Wikileaks and Iran: The Observer Effect at Work in International Security Policy

While it remains an embarrassing leak of state secrets and a criminal act of espionage against the American state, the Wikileaks November 2010 release of roughly 250,000 mostly-classified U.S. government documents and cables has itself become a factor in the world of foreign policy rather than just a window into it. Fascinating as such a view may be, its creation represents an irresponsible introduction of unpredictable elements into critical world events, elements beyond Wikileaks’ control or foresight. The document leak revealed a trove of communications between foreign officials and American diplomats, bringing into question America’s ability and willingness to protect its information and therefore its image as a credible partner in international affairs. As for America’s policies regarding Iran, its advancing nuclear program, and the aggressive expansion of Iranian influence in the Middle East, the Wikileaks security breach confirmed numerous public assumptions and revealed some of the motivations, intentions, knowledge, and decisions—most already known to important decision-makers, with notable exceptions—of American policymakers and other players in the region. By bringing new evidence into public discourse, the document leak may change the public view of Iran policy, and thus the policies themselves.

Wikileaks’ publications have provided undeniable evidence that Iran’s nuclear program alarms Arab leaders, especially those relying on American military support and/or presence for their security. From the big players in Cairo and Riyadh to the smaller Gulf countries, prominent officials expressed fear over the past five years that a nuclear-armed Iran would prove a severe threat to their security. Iranian leaders probably assumed or knew of such fearful concern for its nuclear program. But this concrete evidence discredits those analysts who cite Arab leaders’ discomfort as a major problem with any military intervention regarding Iran. More importantly, this influences public opinion and discourse throughout the world regarding how to deal with Iran. Already some Western analysts have used these corroborations of Arab leaders’ anxieties to build a new case for military action against Iran, while others have responded that Arab leaders want Iran’s nuclear program defused by more cautious means.

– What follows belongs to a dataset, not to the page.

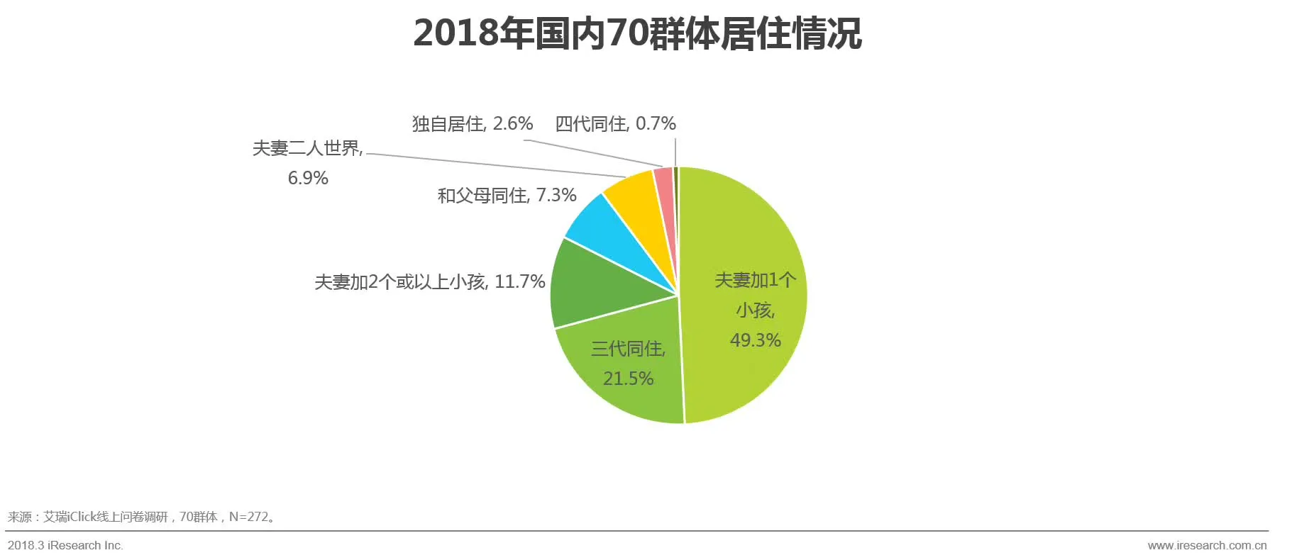 49.3%的70群体的居住情况是2+1家庭结构;21.5%的为三代同住。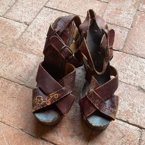 Brown and oxblood VINTAGE 60s style leather tooled platform heels

The statements revealed by the leak lend concrete evidence to the growing suspicion that many Arab leaders want decisive military action to halt Iran’s nuclear program and that they continue to insist that American forces should carry out such an attack, rather than Israel. The UAE’s ambassador to the U.S. first hinted in a rare moment of candor this past June that a nuclear-armed Iran was not acceptable to the UAE’s security interests while American intervention in Iran was, but his statement was immediately undercut by his government. Not wishing to unnecessarily risk its vibrant economic ties with Iran, the UAE contradicted its ambassador’s statement and censured him for it, its foreign ministry proclaiming that, “The UAE totally rejects the use of force as a solution to the Iranian nuclear issue.”[1] But in the wake of the Wikileaks scandal, governments from Abu Dhabi to Cairo could not, despite vigorous efforts, effectively deny their quoted statements in the leaked cables; candor became an all too common occurrence. Mohammed bin Zayed al-Nahyan, the crown prince of Abu Dhabi and one of the most prominent figures in Emirati foreign policy, expressed his frank opinion on Iran to American diplomats and U.S. Secretary of the Treasury Timothy Geithner in July 2009. According to a cable from America’s embassy in Abu Dhabi, Al-Nahyan advised that “a near term conventional war with Iran [is] clearly preferable to the long term consequences of a nuclear armed Iran.” The UAE was far from alone in its endorsement of war with Iran. Saudi king Abdullah bin Abdulaziz perhaps expressed the Arab leaders’ sentiments best via the Saudi ambassador in April 2008 with his now well-known exhortation for an American strike to “cut off the head of the snake.” Statements by Egyptian, Yemeni, Qatari, and Bahraini, officials echoed his opinion—though perhaps in less visceral language—that Iran must be dealt with, and that decisive military action was more desirable than an Iran with nuclear capabilities. When considering military action against Iran and its nuclear program, American and Western publics now have less anxiety about the private reaction of Arab leaders and hence less concern for the wider ramifications of a military strike. Such a significant shift in Western calculations could build the case for military intervention and put more pressure on Iran in negotiations regarding its nuclear program.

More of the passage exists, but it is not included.